As described above, when the error detection method and the prior art of the embodiment of the error detection method are considered, in focus error detection by the "knife edge method", the positional relationship between an HOE diffracted beam and a PD division line must be exactly set. Even in the assembly process of only the device, adjustment using a disk and a reproduced signal as an index must be performed, and large-scale equipment and processes are required. In addition, it is difficult to actually obtain the arrangement using both the .+-.1-order diffracted beams, and only one of the diffracted beams is used. For this reason, the efficiency is low, and an increase in load on the LD, degradation of signal quality, or the like are caused. Furthermore, when the "DPD method" is to be combined to the tracking error detection by the method, the diffracted beam is divided in two. The half is used in focus error detection, and the other half is used in tracking error detection. For this reason, the efficiency is degraded, and, in the "DPD method" in which four divided regions must be originally used, two regions are used in place of the four divided regions. Therefore, offset correction of a tracking error cannot be easily performed.

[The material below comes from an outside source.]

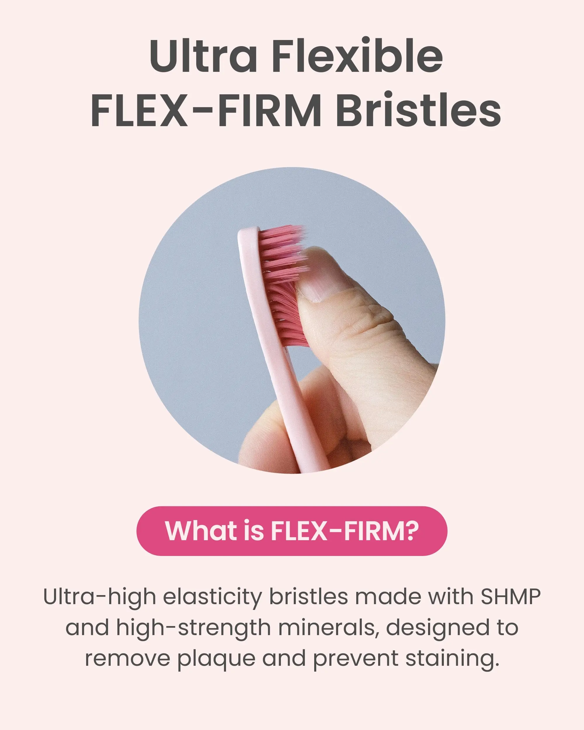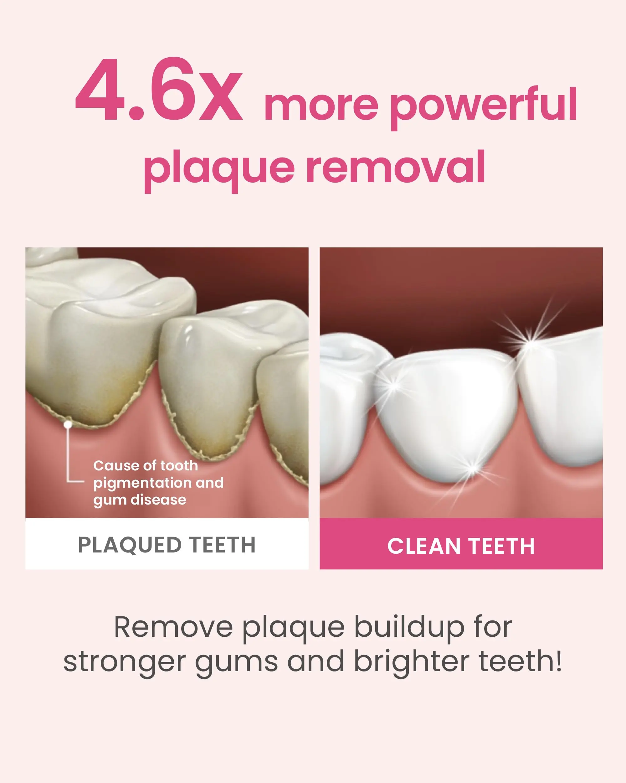Pink, with dual-tension bristles for an intense cleaning experience. Eliminates significantly plaque, reaching deep between teeth and along the gum line.

In comparison with this method, the "SSD method" is used in focus error detection in the integrated device described in the reference ("Integrated Optical Head for DVD"). The problems described above are partially improved by combining the focus error detection to the tracking error detection by the "DPD method". More specifically, position adjustment can be omitted, and degradation of efficiency is prevented by both the .+-.1-order diffracted beams of HOE. However, design is made to use one of the .+-.1-order diffracted beams for only a focus error and the other for only a tracking error. One of the .+-.1-order diffracted beams is rejected for each error signal. This is disadvantageous in efficiency. Even if the dividing method for light-receiving regions without changing the design, a focus error signal and a tracking error signal cannot be detected by both the diffracted beams.